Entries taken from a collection
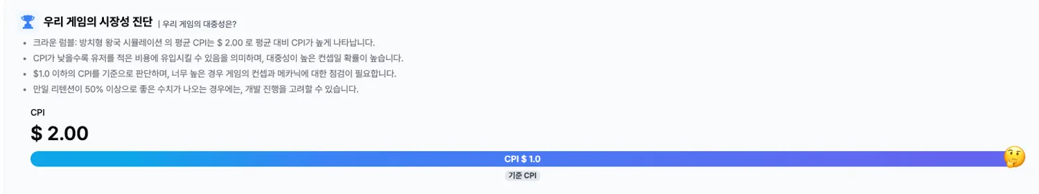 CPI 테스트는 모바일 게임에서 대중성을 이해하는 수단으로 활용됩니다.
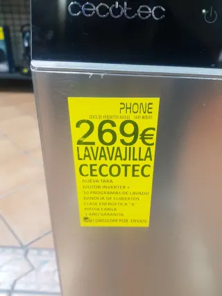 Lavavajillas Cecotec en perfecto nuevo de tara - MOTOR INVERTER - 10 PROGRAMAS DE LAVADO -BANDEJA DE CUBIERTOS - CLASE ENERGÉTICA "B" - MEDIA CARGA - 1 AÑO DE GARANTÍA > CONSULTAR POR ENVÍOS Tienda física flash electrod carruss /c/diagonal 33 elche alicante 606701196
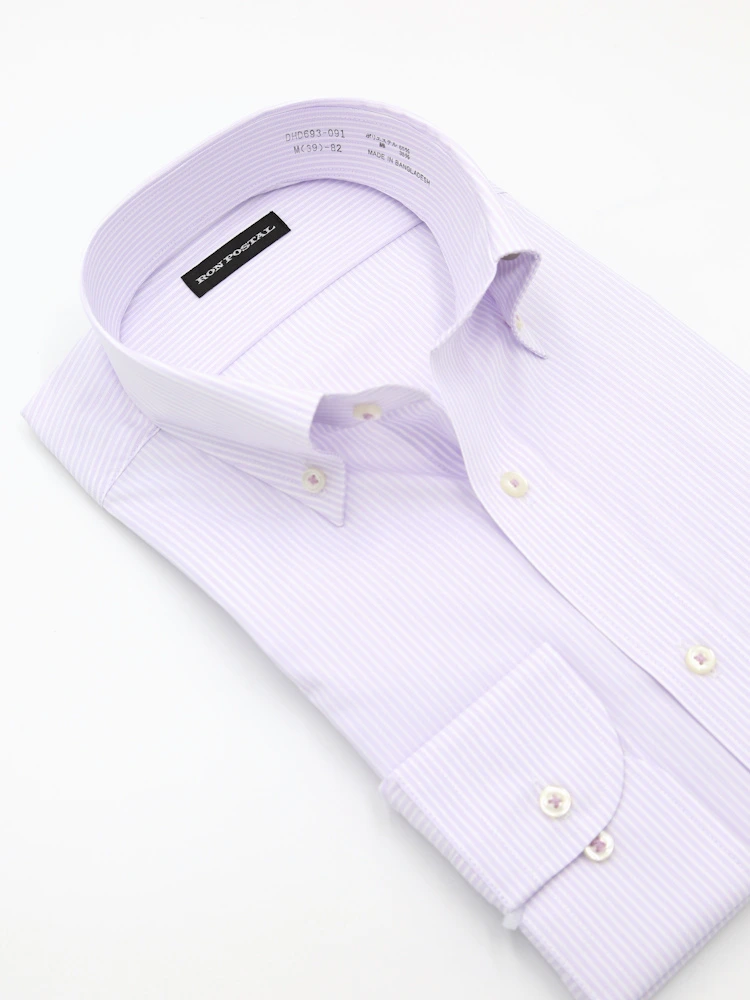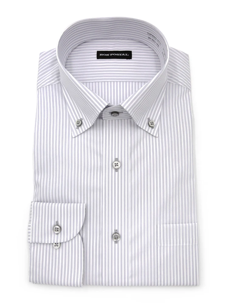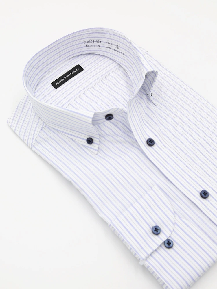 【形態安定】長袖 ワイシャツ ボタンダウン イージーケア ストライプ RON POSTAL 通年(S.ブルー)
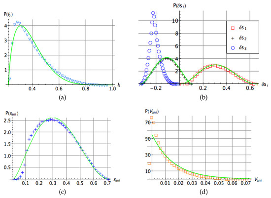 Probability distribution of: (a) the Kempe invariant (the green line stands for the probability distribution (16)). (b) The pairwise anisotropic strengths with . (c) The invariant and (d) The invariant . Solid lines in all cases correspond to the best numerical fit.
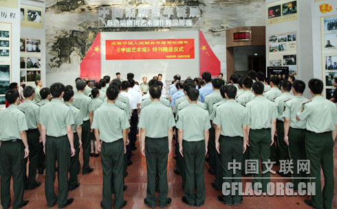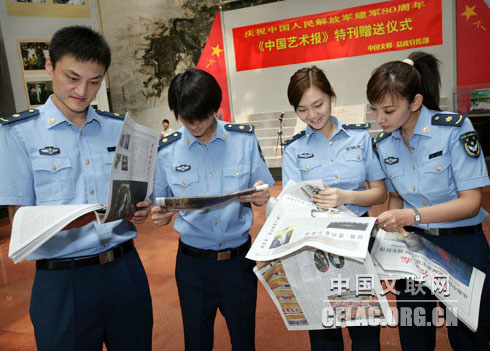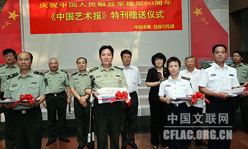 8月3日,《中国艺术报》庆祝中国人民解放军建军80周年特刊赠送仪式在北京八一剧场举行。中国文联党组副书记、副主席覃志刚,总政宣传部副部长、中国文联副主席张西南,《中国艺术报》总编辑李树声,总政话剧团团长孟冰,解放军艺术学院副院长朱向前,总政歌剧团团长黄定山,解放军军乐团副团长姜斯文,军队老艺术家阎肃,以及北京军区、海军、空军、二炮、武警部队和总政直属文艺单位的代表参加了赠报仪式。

• [Task objective] Restate the preceding entries in full, word for word, with the pictures removed.

• [Output for this task]
 CPI 테스트는 모바일 게임에서 대중성을 이해하는 수단으로 활용됩니다.
 Lavavajillas Cecotec en perfecto nuevo de tara - MOTOR INVERTER - 10 PROGRAMAS DE LAVADO -BANDEJA DE CUBIERTOS - CLASE ENERGÉTICA "B" - MEDIA CARGA - 1 AÑO DE GARANTÍA > CONSULTAR POR ENVÍOS Tienda física flash electrod carruss /c/diagonal 33 elche alicante 606701196
 【形態安定】長袖 ワイシャツ ボタンダウン イージーケア ストライプ RON POSTAL 通年(S.ブルー)
 Probability distribution of: (a) the Kempe invariant (the green line stands for the probability distribution (16)). (b) The pairwise anisotropic strengths with . (c) The invariant and (d) The invariant . Solid lines in all cases correspond to the best numerical fit.
 8月3日,《中国艺术报》庆祝中国人民解放军建军80周年特刊赠送仪式在北京八一剧场举行。中国文联党组副书记、副主席覃志刚,总政宣传部副部长、中国文联副主席张西南,《中国艺术报》总编辑李树声,总政话剧团团长孟冰,解放军艺术学院副院长朱向前,总政歌剧团团长黄定山,解放军军乐团副团长姜斯文,军队老艺术家阎肃,以及北京军区、海军、空军、二炮、武警部队和总政直属文艺单位的代表参加了赠报仪式。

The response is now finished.